Extracted data entries:
━━━━━━━━━━

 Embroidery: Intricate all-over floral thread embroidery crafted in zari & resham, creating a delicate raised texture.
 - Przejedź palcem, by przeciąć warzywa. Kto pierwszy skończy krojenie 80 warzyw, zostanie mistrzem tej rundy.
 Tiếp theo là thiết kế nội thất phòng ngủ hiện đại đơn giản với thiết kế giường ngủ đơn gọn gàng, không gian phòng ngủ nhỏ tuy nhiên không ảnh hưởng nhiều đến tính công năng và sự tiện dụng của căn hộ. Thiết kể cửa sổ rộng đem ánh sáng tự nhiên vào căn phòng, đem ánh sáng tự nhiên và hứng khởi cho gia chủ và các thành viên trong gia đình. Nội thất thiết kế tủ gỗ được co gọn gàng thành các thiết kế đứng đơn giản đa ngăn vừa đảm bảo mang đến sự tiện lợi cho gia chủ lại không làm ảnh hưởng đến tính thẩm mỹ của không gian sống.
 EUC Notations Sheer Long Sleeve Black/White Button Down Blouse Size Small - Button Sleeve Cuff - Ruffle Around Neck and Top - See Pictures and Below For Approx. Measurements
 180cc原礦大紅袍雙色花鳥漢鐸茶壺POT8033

━━━━━━━━━━

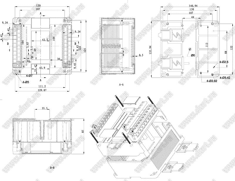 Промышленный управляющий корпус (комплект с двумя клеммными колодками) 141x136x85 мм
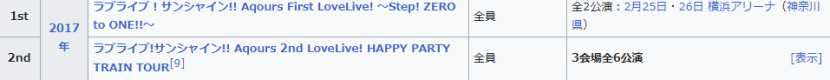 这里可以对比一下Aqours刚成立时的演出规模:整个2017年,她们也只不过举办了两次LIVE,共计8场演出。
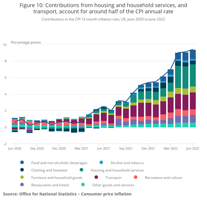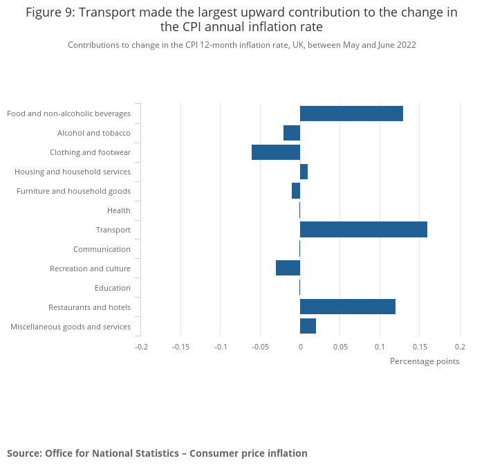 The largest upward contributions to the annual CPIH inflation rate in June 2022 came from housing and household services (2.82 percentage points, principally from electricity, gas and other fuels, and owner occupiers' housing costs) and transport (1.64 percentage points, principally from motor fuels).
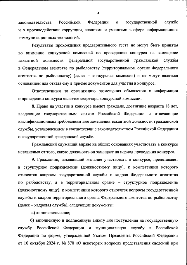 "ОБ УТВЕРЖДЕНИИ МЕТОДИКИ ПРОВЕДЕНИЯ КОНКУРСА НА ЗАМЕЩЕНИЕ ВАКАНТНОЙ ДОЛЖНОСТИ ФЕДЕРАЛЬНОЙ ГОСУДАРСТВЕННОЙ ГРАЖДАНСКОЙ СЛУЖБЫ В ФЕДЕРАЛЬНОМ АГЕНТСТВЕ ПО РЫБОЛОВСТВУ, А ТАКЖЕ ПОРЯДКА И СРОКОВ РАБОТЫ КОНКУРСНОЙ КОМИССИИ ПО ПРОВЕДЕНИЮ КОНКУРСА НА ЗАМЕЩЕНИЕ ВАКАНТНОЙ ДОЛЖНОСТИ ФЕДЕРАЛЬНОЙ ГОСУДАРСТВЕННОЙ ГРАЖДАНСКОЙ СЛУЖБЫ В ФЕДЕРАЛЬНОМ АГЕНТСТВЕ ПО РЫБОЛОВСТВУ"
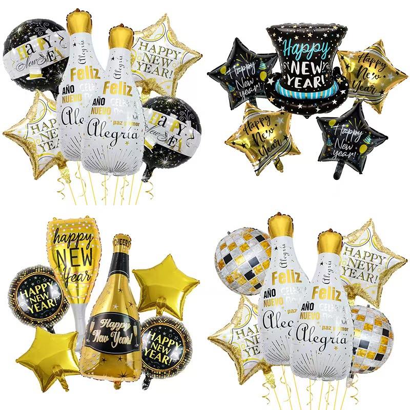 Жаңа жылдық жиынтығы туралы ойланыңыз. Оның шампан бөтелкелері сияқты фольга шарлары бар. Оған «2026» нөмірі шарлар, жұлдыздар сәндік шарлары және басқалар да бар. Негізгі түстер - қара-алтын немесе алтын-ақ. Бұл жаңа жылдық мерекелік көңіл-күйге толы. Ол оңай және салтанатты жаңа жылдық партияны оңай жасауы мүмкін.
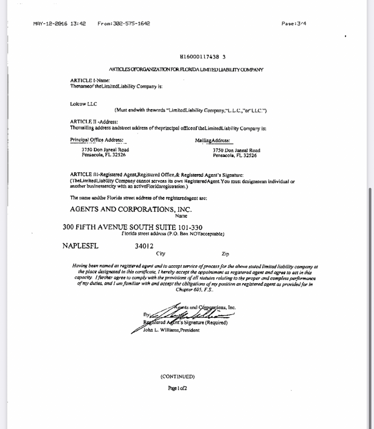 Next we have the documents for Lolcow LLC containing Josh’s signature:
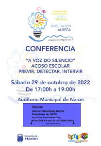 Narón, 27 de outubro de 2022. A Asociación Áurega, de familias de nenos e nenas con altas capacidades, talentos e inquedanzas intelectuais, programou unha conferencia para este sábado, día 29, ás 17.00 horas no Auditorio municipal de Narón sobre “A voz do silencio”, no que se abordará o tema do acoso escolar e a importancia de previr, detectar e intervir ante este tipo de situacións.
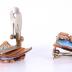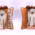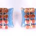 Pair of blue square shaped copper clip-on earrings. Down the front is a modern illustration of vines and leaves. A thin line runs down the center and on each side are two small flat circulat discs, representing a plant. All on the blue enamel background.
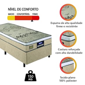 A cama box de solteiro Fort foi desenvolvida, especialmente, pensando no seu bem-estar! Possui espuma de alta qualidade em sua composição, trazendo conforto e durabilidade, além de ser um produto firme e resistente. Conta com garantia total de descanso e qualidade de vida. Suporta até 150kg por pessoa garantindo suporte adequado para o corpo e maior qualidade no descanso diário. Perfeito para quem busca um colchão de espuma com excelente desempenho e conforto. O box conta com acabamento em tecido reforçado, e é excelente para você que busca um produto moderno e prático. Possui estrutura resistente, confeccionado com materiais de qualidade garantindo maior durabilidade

━━━━━━━━━━

▶ [Task goal] Among the records above, repeat exactly the line with "- Przejedź palcem, by", the line with "180cc原礦大紅袍雙色花鳥漢鐸茶壺POT8033", and every line in between, and only those.

▶ [Result of the exercise]
 - Przejedź palcem, by przeciąć warzywa. Kto pierwszy skończy krojenie 80 warzyw, zostanie mistrzem tej rundy.
 Tiếp theo là thiết kế nội thất phòng ngủ hiện đại đơn giản với thiết kế giường ngủ đơn gọn gàng, không gian phòng ngủ nhỏ tuy nhiên không ảnh hưởng nhiều đến tính công năng và sự tiện dụng của căn hộ. Thiết kể cửa sổ rộng đem ánh sáng tự nhiên vào căn phòng, đem ánh sáng tự nhiên và hứng khởi cho gia chủ và các thành viên trong gia đình. Nội thất thiết kế tủ gỗ được co gọn gàng thành các thiết kế đứng đơn giản đa ngăn vừa đảm bảo mang đến sự tiện lợi cho gia chủ lại không làm ảnh hưởng đến tính thẩm mỹ của không gian sống.
 EUC Notations Sheer Long Sleeve Black/White Button Down Blouse Size Small - Button Sleeve Cuff - Ruffle Around Neck and Top - See Pictures and Below For Approx. Measurements
 180cc原礦大紅袍雙色花鳥漢鐸茶壺POT8033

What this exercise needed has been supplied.